START DATA EXCERPT

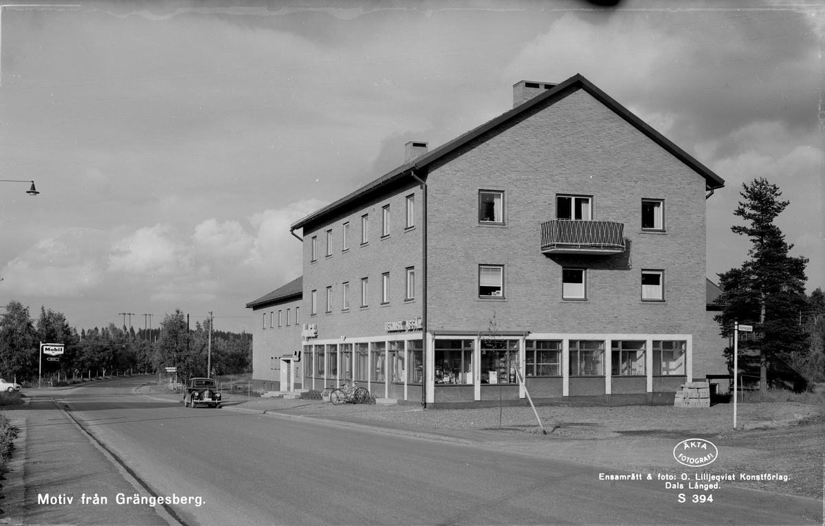 Motiv från Grängesberg. Skyltar med text: Mobil; Köpmangatan.
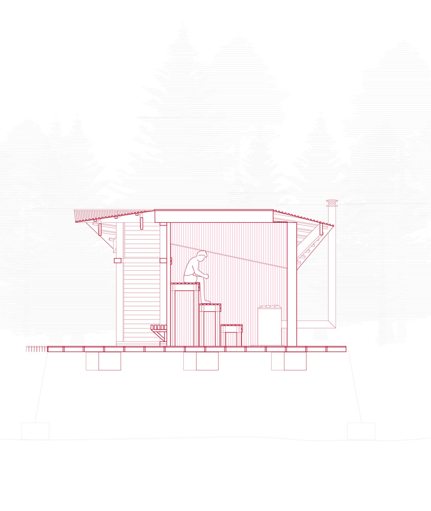 The sauna was designed and built by students over two intense weeks, from first sketches to the finished structure.
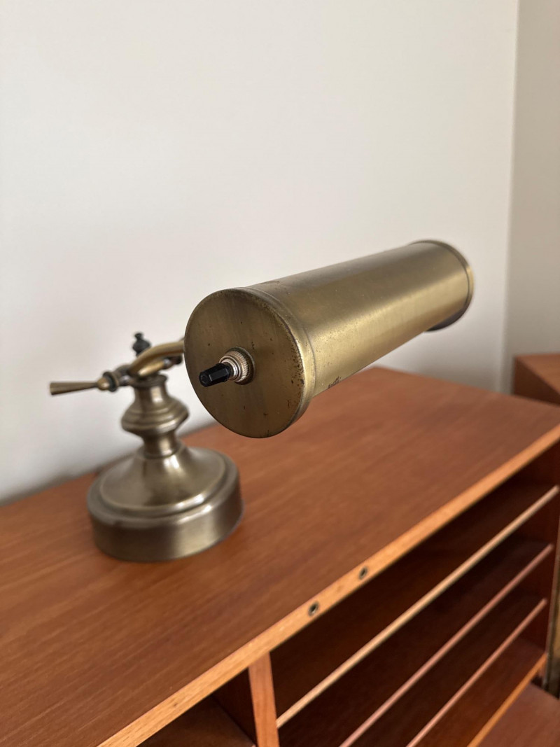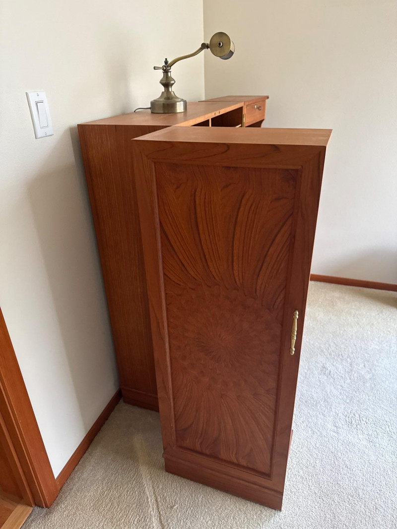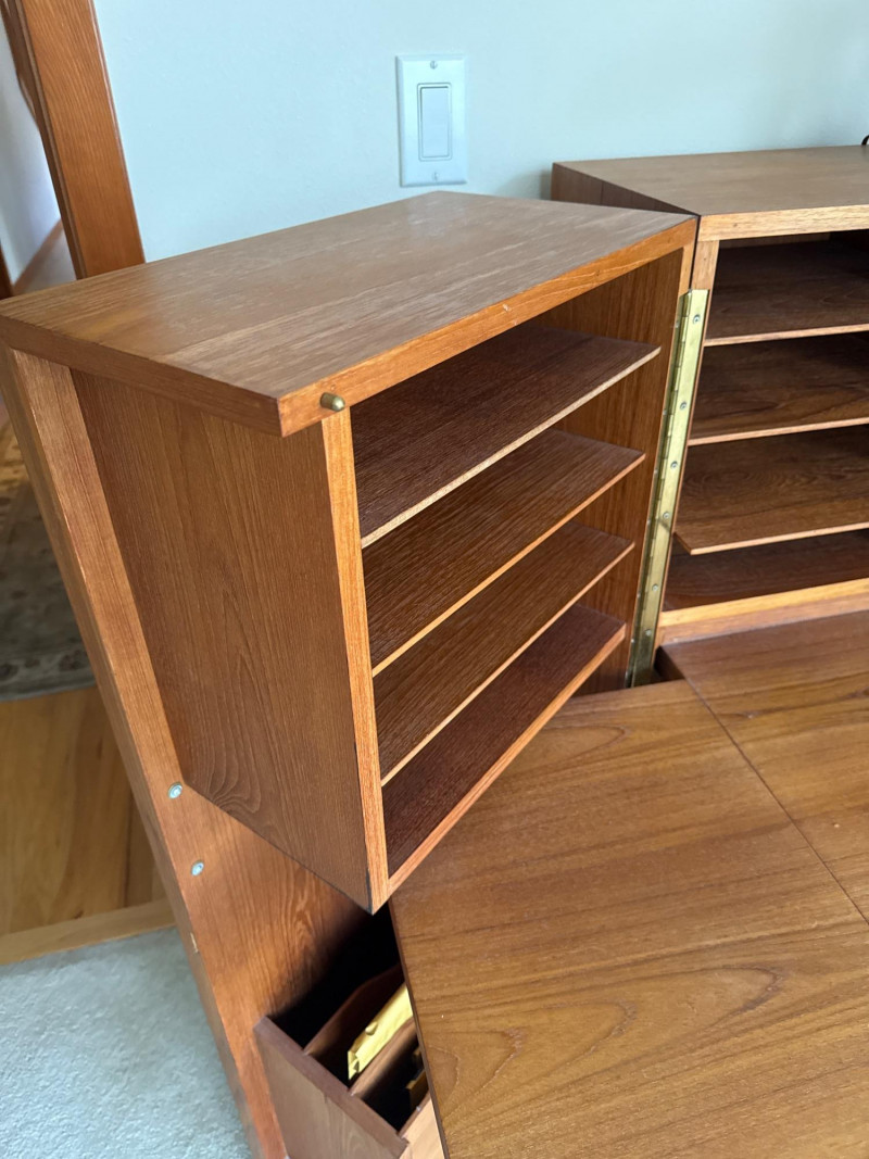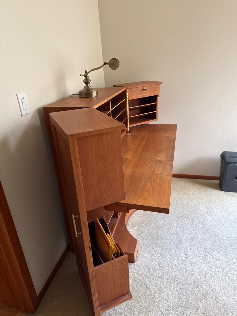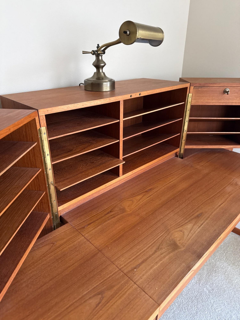 A vintage Magic Box desk crafted in teak, designed with a fold‑out workstation that opens to reveal multiple interior storage compartments. The upper section includes open cubbies and side cabinets with doors, while the lower portion offers additional shelving and a central drawer. When closed, the unit forms a compact cabinet; when opened, it expands into a full workspace. Brass desk lamp included. Picture of desk closed is not the actual piece for sale. The one for sale is much more intricate. Closed- 32 x 20.5 x 45 Tall 64.5" OpenTeak Magic Box Desk

END DATA EXCERPT

PROBLEM
Leave the pictures out and reproduce exactly the lines from the top of the listing above through the line with "The sauna was".

OUTPUT FOR THIS EXERCISE
 Motiv från Grängesberg. Skyltar med text: Mobil; Köpmangatan.
 The sauna was designed and built by students over two intense weeks, from first sketches to the finished structure.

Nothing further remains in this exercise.